Mumbai: While the Board of Control for Cricket in India has not explicitly stated it, it is widely understood that the complexities of the broadcast market will likely prevent an increase in the number of IPL matches from 74 to 94 in the upcoming rights cycle (2023-27). This was evident during the Saturday IPL governing council meeting, where player salary calculations for the next three years were provided to franchises based on the current arrangement of 74 matches per season.
When IPL’s media rights went on sale, the Invitation to Tender was for 410 matches, with years 2025, 2026 and 2027 slated to have 84, 84 and 94 matches respectively. If BCCI sticks to 74 matches, it will result in a revenue shortfall from 40 matches. Each IPL match being worth ₹118 crore, that would mean a revenue fall of ₹4,720 crore for BCCI from an expected ₹48,390 crore.
Players have been protected from taking a hit. In fact, they will benefit with BCCI announcing a match fee of ₹7.5 lakh, over and above their IPL contract value. A player featuring in all 14 league matches stands to earn Rs1.05 crore more.
This additional outlay ( ₹37.80 crore over three years) will be borne by the 10 franchises. They are not pleased. With the average incremental pay (players’ share based on team standings) also going up as well as an increase in the salary cap to ₹120 crore, the average salary pay out for a franchise amounts to ₹146 crore for 2025 — it is up from ₹110 crore. It goes up to ₹157 crore in 2027 with a ₹5 crore incremental revision in the salary purse.
“The increase in the number of matches is not happening now. It’s not ideal that all the additional expenditure comes to the teams,” said one franchise executive.
But BCCI is clear that the franchises have no reason to complain, comfortably placed as they are with the rise in IPL’s central revenue share resulting from a three-fold rise in media rights earnings.
From a long-term view, IPL’s inability to expand to more matches, despite being market-leaders, poses questions on the work that needs to be put in to continue the growth trajectory of the league. In the two seasons of the current cycle, broadcast earnings from advertising have not met the projected numbers; not anywhere close to matching the acquisition costs. With the two IPL broadcasters Viacom 18 and Disney Star set for a mega merger, they are known to be nervy about a longer league phase affecting viewership and a further dent in advertising revenue.
Privately, BCCI is citing player workload as a reason behind the delay in increasing the number of matches, but that view does not cut ice with most in the ecosystem.
Play for India, earn more from IPL
For a player who enters the auction uncapped but becomes capped before any of the upcoming three seasons, his earnings will be revised.
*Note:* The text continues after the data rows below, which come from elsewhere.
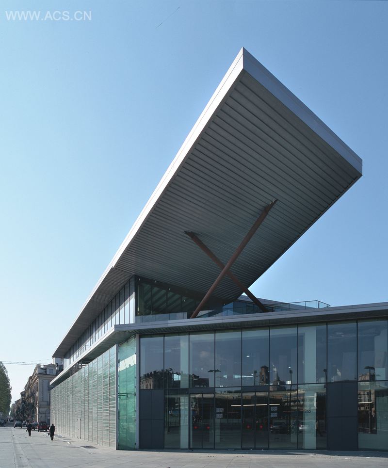 帕拉蒂诺中心位于Porta Palazzo,它是都灵最古老的地区之一。它的改建由福克萨斯建筑事务所负责。项目包含了地下的两层和地上的三层,地下分别为停车场和技术空间,而商业空间和餐馆等都位于上三层。主入口靠近Giulio Cesare和Regina Margherita之间的十字路口 。商业区域沿建筑物的外围分布,中心形成一个广场。各个楼层由三座金属桥连接,它们由一楼中央庭院的11根柱子支撑。棱柱形柱子高达13英尺 。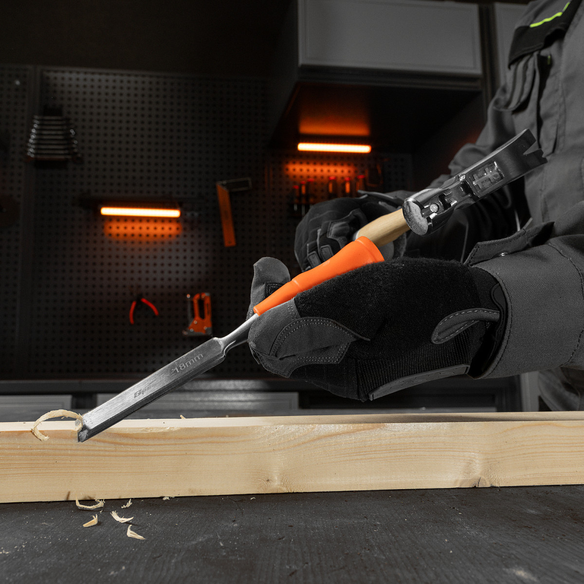 • Высокий ресурс — стамески закалены до твердости 58-63 HRC (2/3 длины рабочей части полотна) и долго сохраняют режущую способность.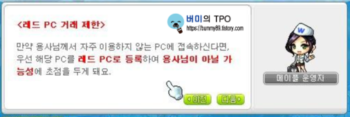 레드 PC는 이용자가 본인이 아닐 가능성에 초점을 두게되어 아이템 판매, 버리기, 교환 등 거래할 수 있는 수단을 이용할수 없게 됩니다.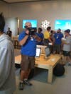 The store's interior is complete with a combination of large skylights, halogen lighting, large sales floor, the Genius Bar and designated tables for workshops and personal projects.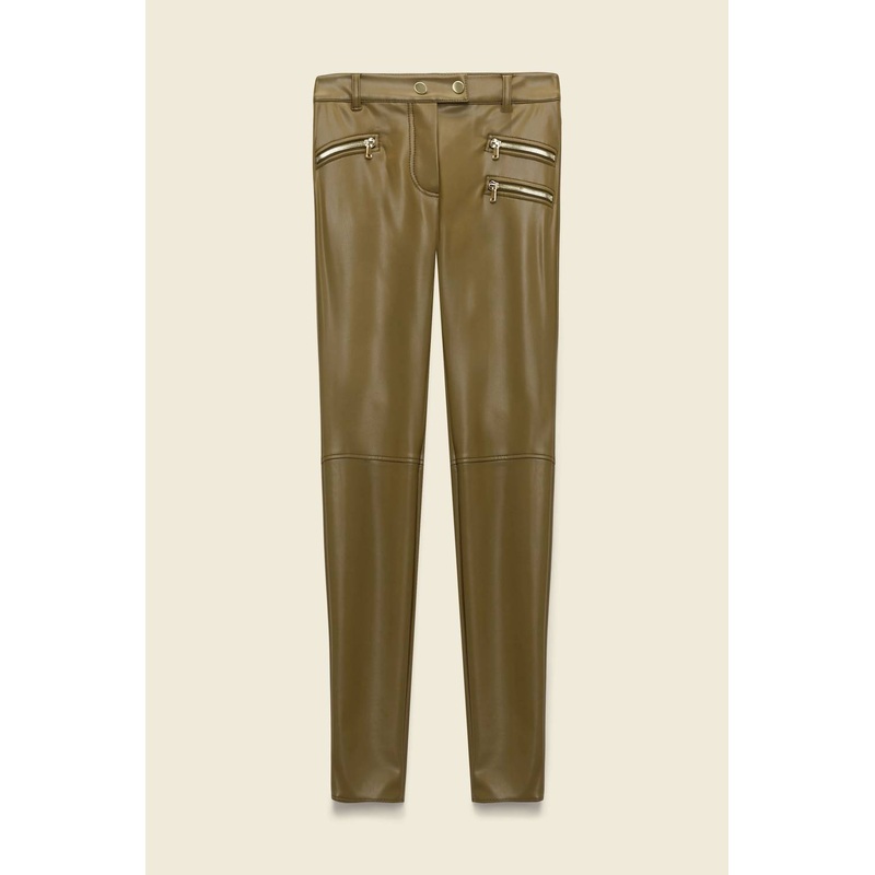 The Women’s Sleek Comfort Pants by Dorothee Schumacher are crafted from a soft blend of eco-friendly materials, featuring a dark olive green hue for a modern look. These trousers use a blend of 60% polyurethane, 37% viscose, and 3% elastane, and are finished with stylish zippered pockets and snap fasteners that give a distinct biker vibe. Closure – Zip closure. Care – Gentle cycle or delicate wash.

This move was introduced last year for players who had to stick with low auction earnings. As per the current arrangement, a player who appears in one international in the interim gets ₹50 lakh. This has been raised to ₹1 crore. For those between 5-9 caps, it will go up to ₹1.5 crore from ₹75 lakh while those playing more than 10 games for India will get ₹2 crore from the current ₹1 crore.
More good news was in store for players as a result of the rise in team salary cap from ₹100 crore to ₹120 crore. The base price of capped players for the auction will go up from the existing ₹50 lakh, ₹75 lakh and ₹1 crore to ₹75 lakh, ₹1 crore and ₹1.25 crore respectively. The highest reserve price stays at ₹2 crore. For uncapped players, the reserve price goes up from ₹20 lakh, ₹30 lakh and ₹40 lakh to ₹30 lakh, ₹40 lakh and ₹50 lakh respectively.